*** Block opens ***

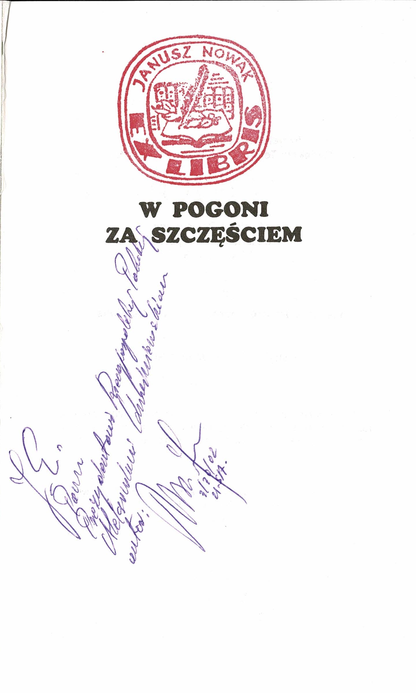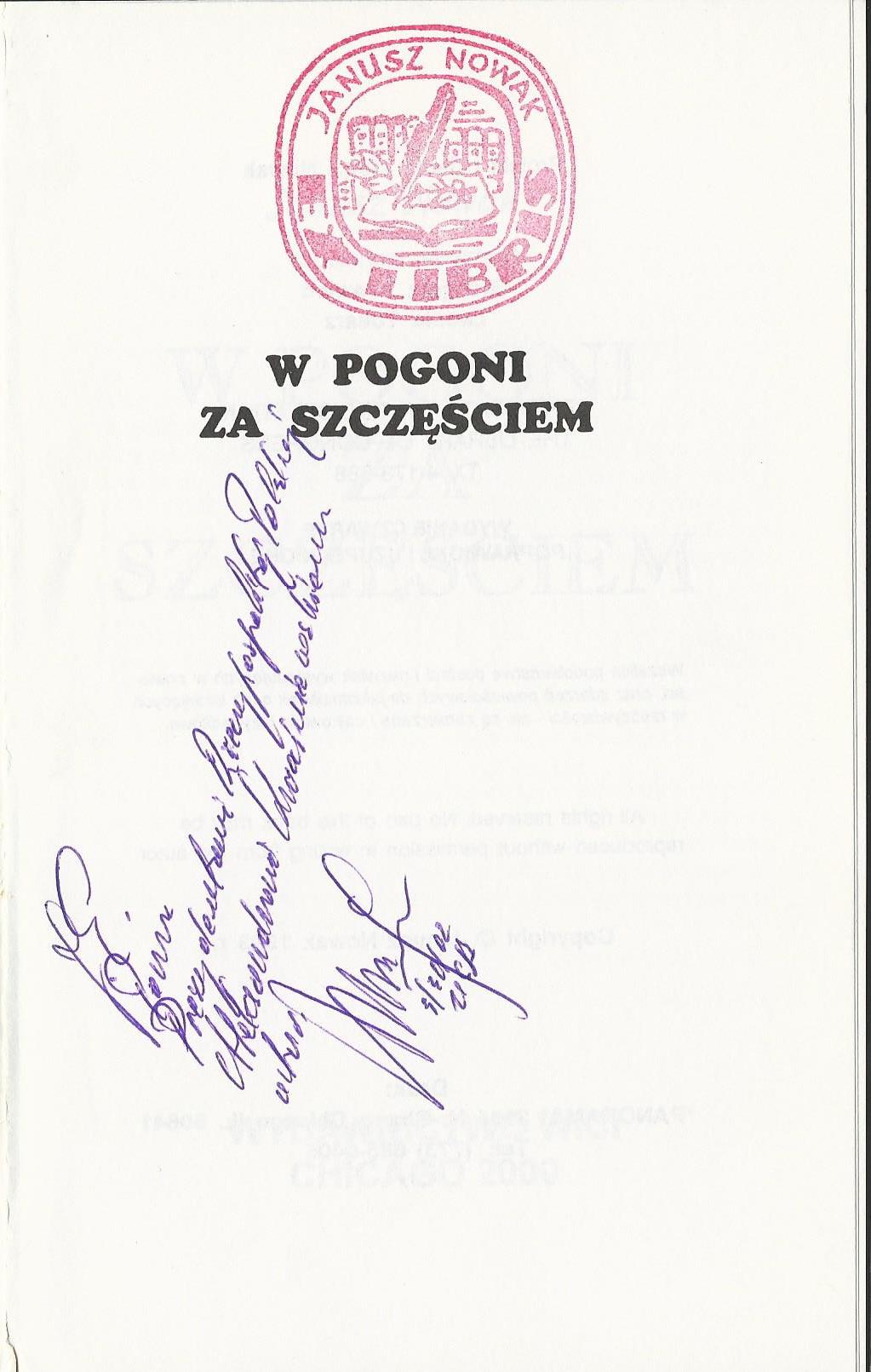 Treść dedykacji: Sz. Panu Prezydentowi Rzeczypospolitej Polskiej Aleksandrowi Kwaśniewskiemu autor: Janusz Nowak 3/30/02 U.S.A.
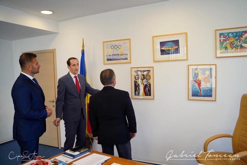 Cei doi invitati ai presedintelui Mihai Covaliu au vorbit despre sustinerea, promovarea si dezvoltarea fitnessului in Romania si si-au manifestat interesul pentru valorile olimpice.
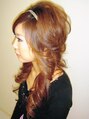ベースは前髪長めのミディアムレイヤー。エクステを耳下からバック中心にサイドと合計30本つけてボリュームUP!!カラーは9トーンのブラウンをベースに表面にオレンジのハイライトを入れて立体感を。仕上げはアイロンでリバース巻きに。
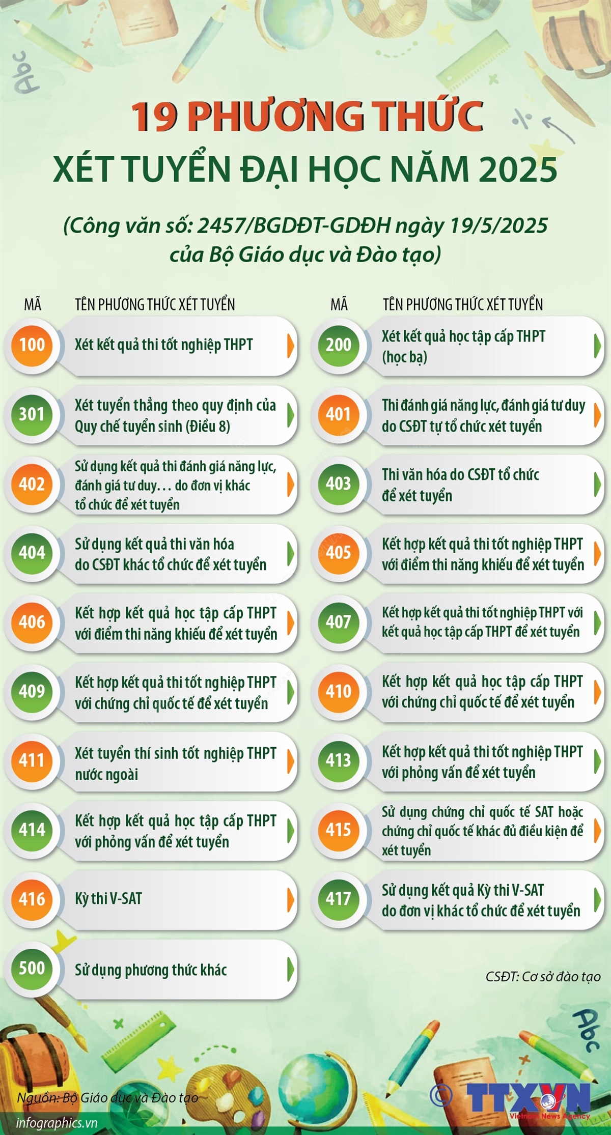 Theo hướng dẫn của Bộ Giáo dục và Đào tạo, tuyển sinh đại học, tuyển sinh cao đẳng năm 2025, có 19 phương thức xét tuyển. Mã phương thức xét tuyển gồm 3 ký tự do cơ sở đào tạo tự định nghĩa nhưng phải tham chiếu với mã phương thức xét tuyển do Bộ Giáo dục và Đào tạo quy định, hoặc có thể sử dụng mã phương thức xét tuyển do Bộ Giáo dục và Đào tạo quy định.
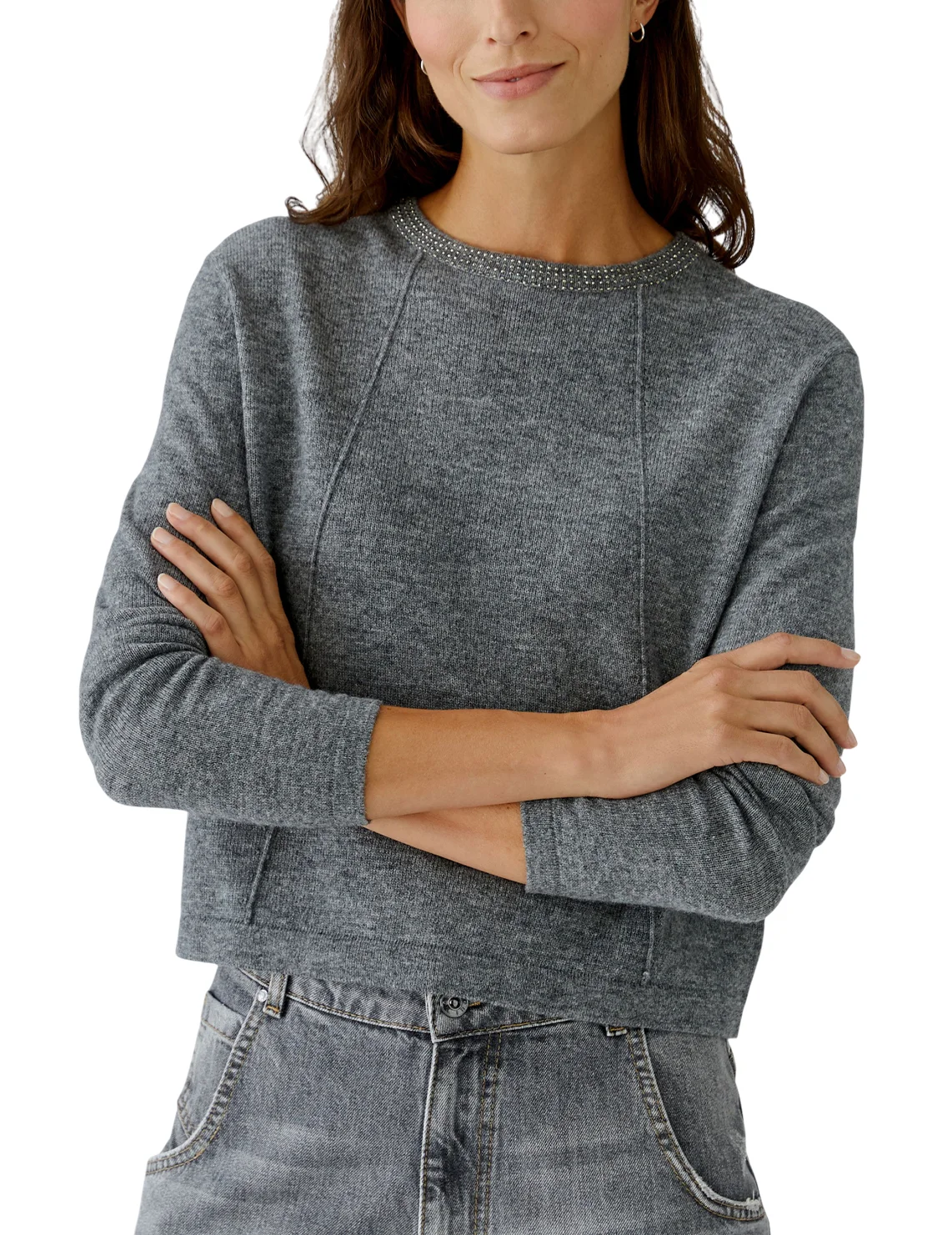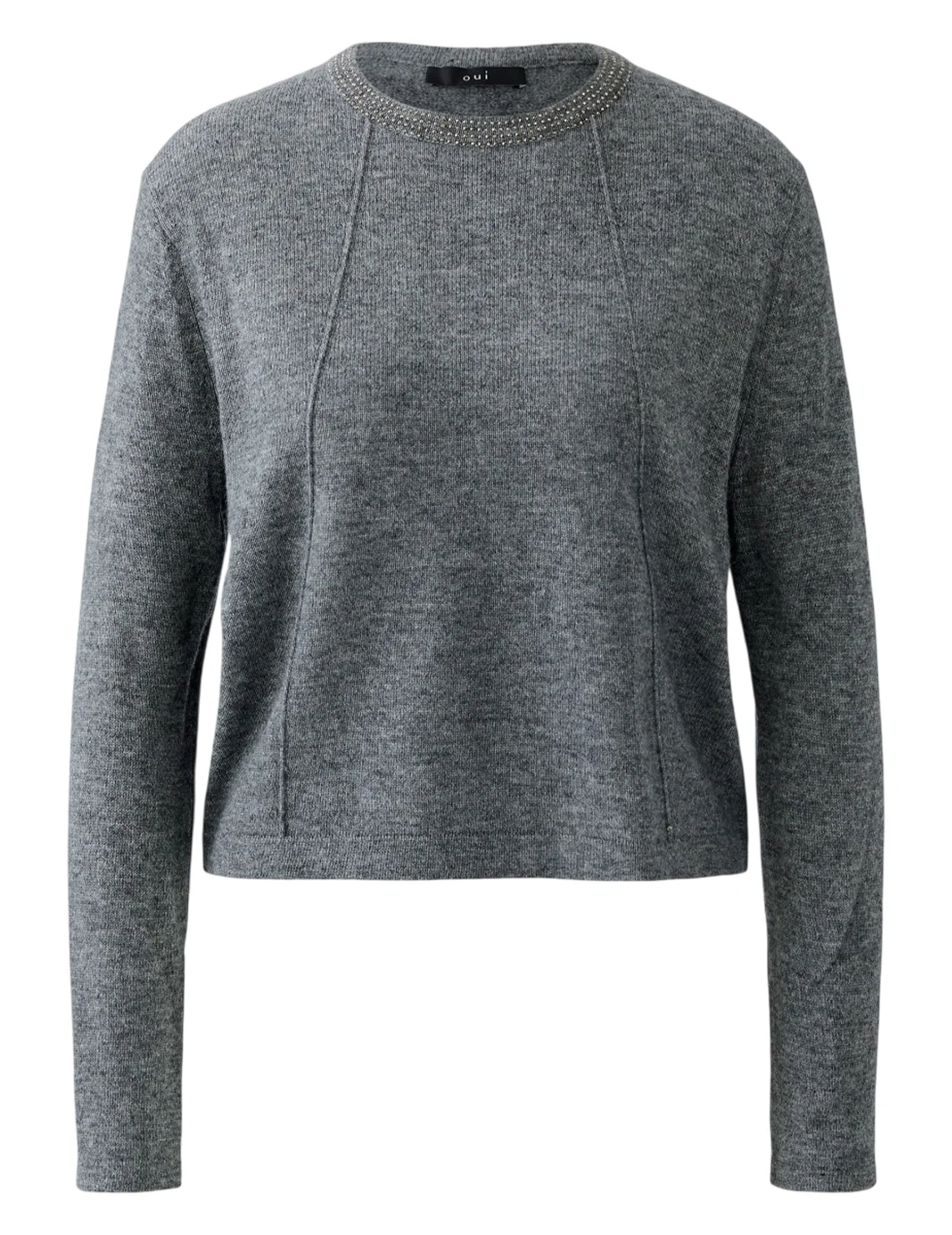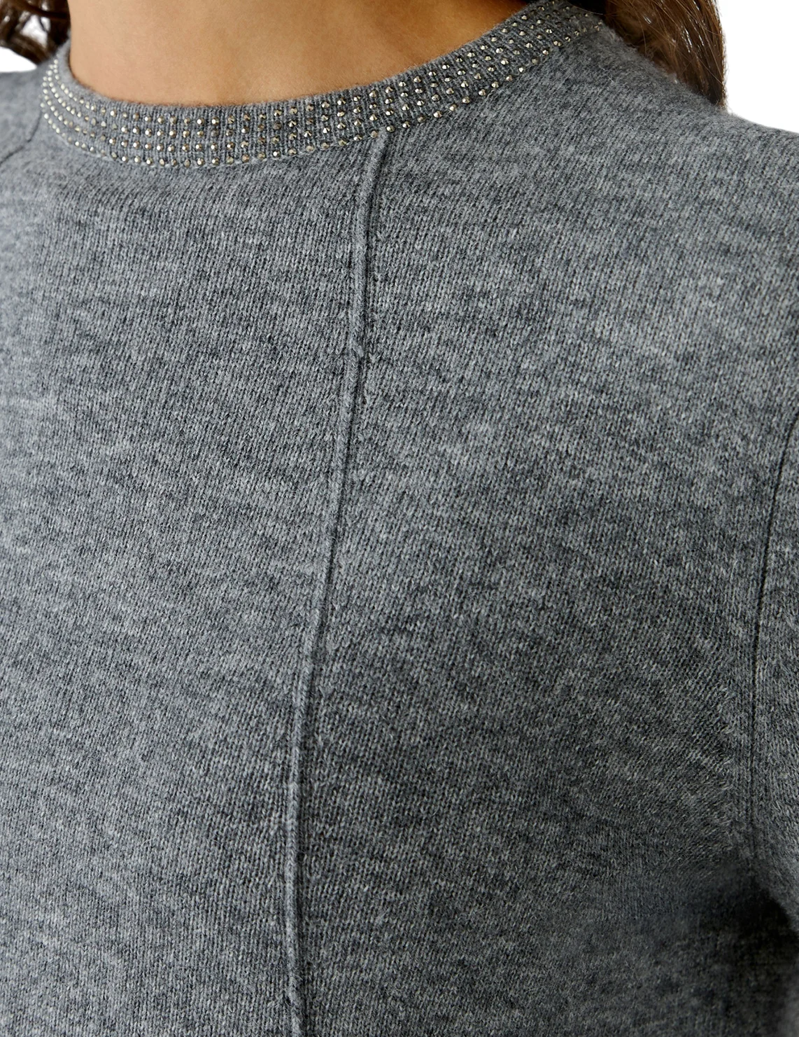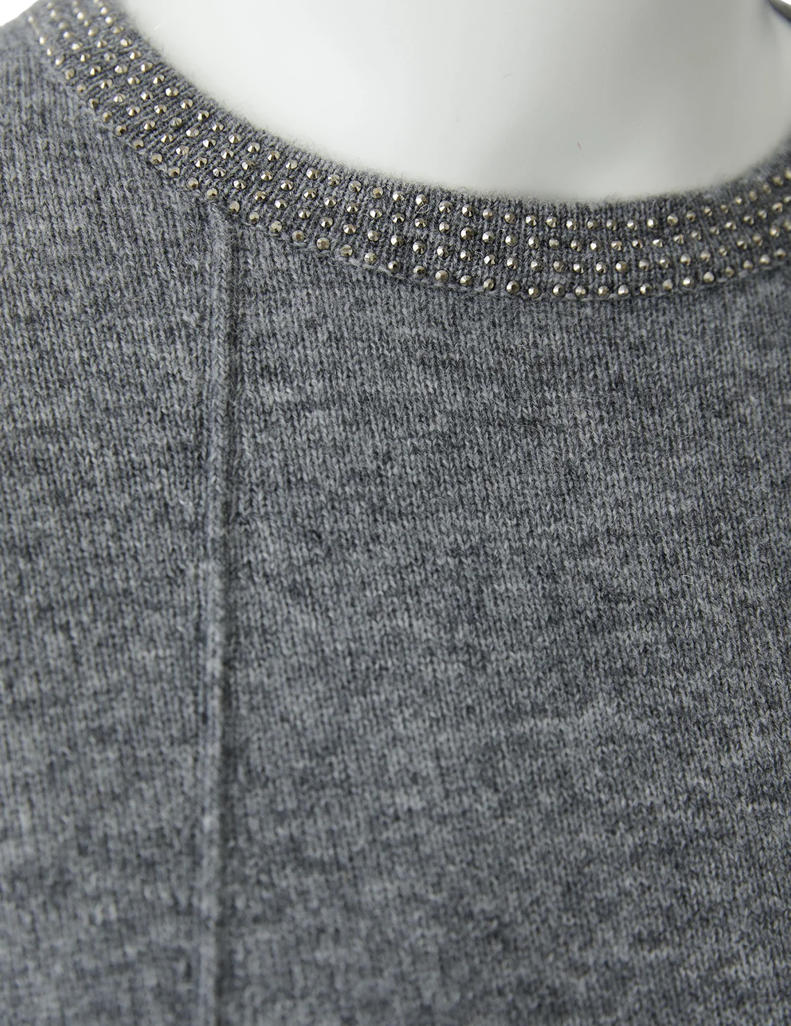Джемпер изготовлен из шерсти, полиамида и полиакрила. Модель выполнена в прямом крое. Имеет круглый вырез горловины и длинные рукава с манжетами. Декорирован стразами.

*** Block closes ***

From the line containing "ベースは前髪長めのミディアム" down to the last line of the entries above, set down every line exactly. Omit all pictures.

- [Exercise output]
ベースは前髪長めのミディアムレイヤー。エクステを耳下からバック中心にサイドと合計30本つけてボリュームUP!!カラーは9トーンのブラウンをベースに表面にオレンジのハイライトを入れて立体感を。仕上げはアイロンでリバース巻きに。
 Theo hướng dẫn của Bộ Giáo dục và Đào tạo, tuyển sinh đại học, tuyển sinh cao đẳng năm 2025, có 19 phương thức xét tuyển. Mã phương thức xét tuyển gồm 3 ký tự do cơ sở đào tạo tự định nghĩa nhưng phải tham chiếu với mã phương thức xét tuyển do Bộ Giáo dục và Đào tạo quy định, hoặc có thể sử dụng mã phương thức xét tuyển do Bộ Giáo dục và Đào tạo quy định.
Джемпер изготовлен из шерсти, полиамида и полиакрила. Модель выполнена в прямом крое. Имеет круглый вырез горловины и длинные рукава с манжетами. Декорирован стразами.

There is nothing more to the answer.